Saturday, July 12, 2014

Maria Spear's Quilt: Fundraiser for Confederate Memorial


Silk Quilt made by the ladies of Fayetteville, North Carolina,
led by Maria L. Spear (1804-1881).
Collection of the Museum of the Confederacy, Richmond, Virginia
97" x 99"
1865-1867

Detail of the quilt
Maria L. Spear, born in England, is said to have drawn each of the black squares for the Fayetteville women to embroider.

Post-Civil-War women's groups worked to memorialize local soldiers. A quilt in the Museum of the Confederacy collection is well documented as a fundraiser to build the memorial at the Cross Creek Cemetery in Fayetteville, North Carolina. Ann Kyle headed the Fayetteville's Soldiers' Aid Association and determined to build a marble monument.

The Cross Creek memorial is North Carolina's first 
Confederate memorial,
according to Douglas J. Butler.
It was dedicated in December, 1868

Spear, a skilled needlewoman and teacher, volunteered to organize a quilt to be raffled for the cause. The women met every Friday afternoon to sew for months, but after Spear moved to Chapel Hill little work went on without her. After two years Spear lamented, "When I saw the Quilt this evening, I felt overwhelmed, how I am to get it done, I don't know."She finished it in six months and the ad below in the Fayetteville News described it as "elaborately embroidered...beautiful silken quilt of the richest and finest material."
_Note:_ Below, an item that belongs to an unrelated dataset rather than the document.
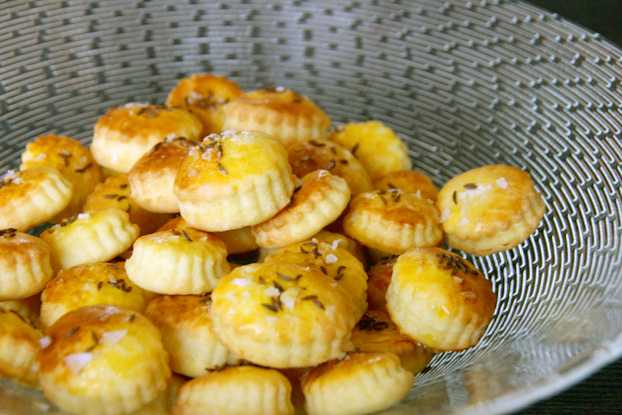 - Das ausgestochene Gebäck auf ein mit Backpapier ausgelegtes Backblech legen. Mit Eigelb bepinseln und ein bisschen Kümmel und/oder grobes Meersalz darüber streuen. Bei 200°C Heißluft im vorgeheizten Ofen für 12-15 Minuten backen, bis das Gebäck goldbraun ist.

"The designs are all of a different pattern and worked, many of them, on a ground not exceeding a square inch; the colors are contrasted and blended with true artistic skill---beautiful sprays and bouquets of flowers and various emblematical designs combine to make up an article which for elegance of design, fineness of materials and superiority of execution has never been surpassed in this or any country...
The ladies acknowledge their indebtedness to the indefatigable industry and inexhaustible taste of Miss Maria L. Spear who invented the unique style of making up the quilt. She also invented and stamped all the beautiful and varied designs with which it is embellished."

The quilt raised $300 in dollar raffle tickets and was won by Martha Lewis who gave it to Jefferson Davis, former President of the Confederacy. After his death, Varina Davis donated it to the Museum.



Find the catalog page in the online quilt exhibit at the Museum of the Confederacy website here:
http://www.moc.org/exhibitions/museum-confederacys-quilts?mode=general
Load the exhibit and scroll through.

Read the story here in Douglas J. Butler's: North Carolina Civil War Monuments: An Illustrated History:

http://books.google.com/books?id=yyvmcMsNnB4C&pg=PA512&lpg=PA512&dq=maria+spear+fayetteville&source=bl&ots=uFVJWzvGso&sig=FztRgVlY4hg9VjDmM8ZWxMTDyDI&hl=en&sa=X&ei=bQK3U-bGGIOGyATfoYKYAg&ved=0CCMQ6AEwATgK#v=onepage&q=maria%20spear%20fayetteville&f=false

4 comments:

WoolenSails said...

That is an amazing quilt and so beautifully made. I can imagine the hours those ladies must have put into the quilt and without the modern machines we have now.

Debbie

Anonymous said...

I love reading the history in your blog posts! Thank you so much for taking the time to share these stories!

Unknown said...

Thank you for the extensive work on history uyou surely havedone to share the information with us that you share.

Being a daughter of the Confederacy, I am thankful to see tis wonderful quilt. Such a tragic and heart breaking time in our nation's history Barbara. It seems to be more real when we see average normal women were quilting then also.

Thanks again,
JulieinTN

Linda Christianson said...

It was well worth downloading the picture. Thank you for the link. I did learn that it is OK to piece when you do not have enough. the cost of fabric just seems to get higher and higher. We can see that these ladies knew how to use every inch. I am sure from fancy dresses of the time.